I want to have something like that:
climate_change air_quality ..... .....
<chr> <dbl>
1 A somewhat serious problem 0.286 .....
2 A very serious problem 0.510 .....
3 Not a very serious problem 0.166
4 Not at all a serious problem 0.0370
I had a hard time desciribing this problem and to find a similiar question on this site.

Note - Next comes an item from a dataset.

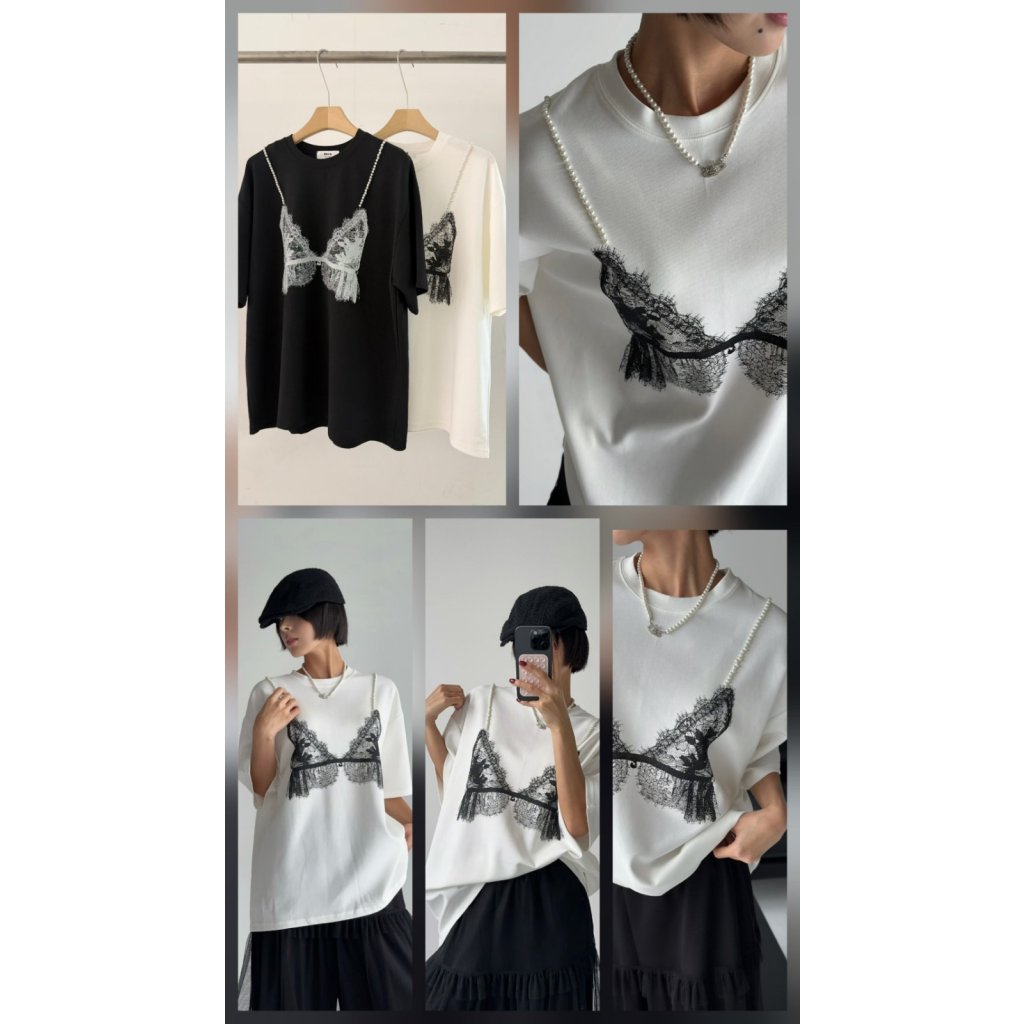 Home AK66 刺繡蕾絲BRA TOP假兩件TOP

I hope I have described it well and in the case you know a similiar question, just link it here. :)
Greetings
Upvotes: 3
Views: 45
Reputation: 3876
Like this?
library(tidyverse)
df %>%
pivot_longer(1:4) %>%
filter(!is.na(value)) %>%
count(name, value) %>%
group_by(name) %>%
mutate(prop = n / sum(n)) %>%
select(-n) %>%
pivot_wider(names_from = name, values_from = prop)
# A tibble: 4 x 5
value air_quality climate_change trash water_polution
<chr> <dbl> <dbl> <dbl> <dbl>
1 A somewhat serious probl 0.25 0.25 0.25 0.25
2 A very serious problem 0.5 0.25 0.5 0.25
3 Not a very serious probl 0.25 0.5 0.25 0.25
4 Not at all a serious prob NA NA NA 0.25
Data
df <- tibble::tribble(
~climate_change, ~air_quality, ~water_polution, ~trash,
"Not a very serious probl", "A somewhat serious probl", "A somewhat serious probl", "A very serious problem",
"Not a very serious probl", "Not a very serious probl", "Not a very serious probl", "Not a very serious probl",
NA, NA, NA, NA,
NA, NA, NA, NA,
"A very serious problem", "A very serious problem", "A very serious problem", "A very serious problem",
"A somewhat serious probl", "A very serious problem", "Not at all a serious prob", "A somewhat serious probl"
)
Upvotes: 0
Reputation: 1363
You can use the pivot functions from {tidyr} to apply your solution to a long form version of the data frame, and then pivot it back to the original shape.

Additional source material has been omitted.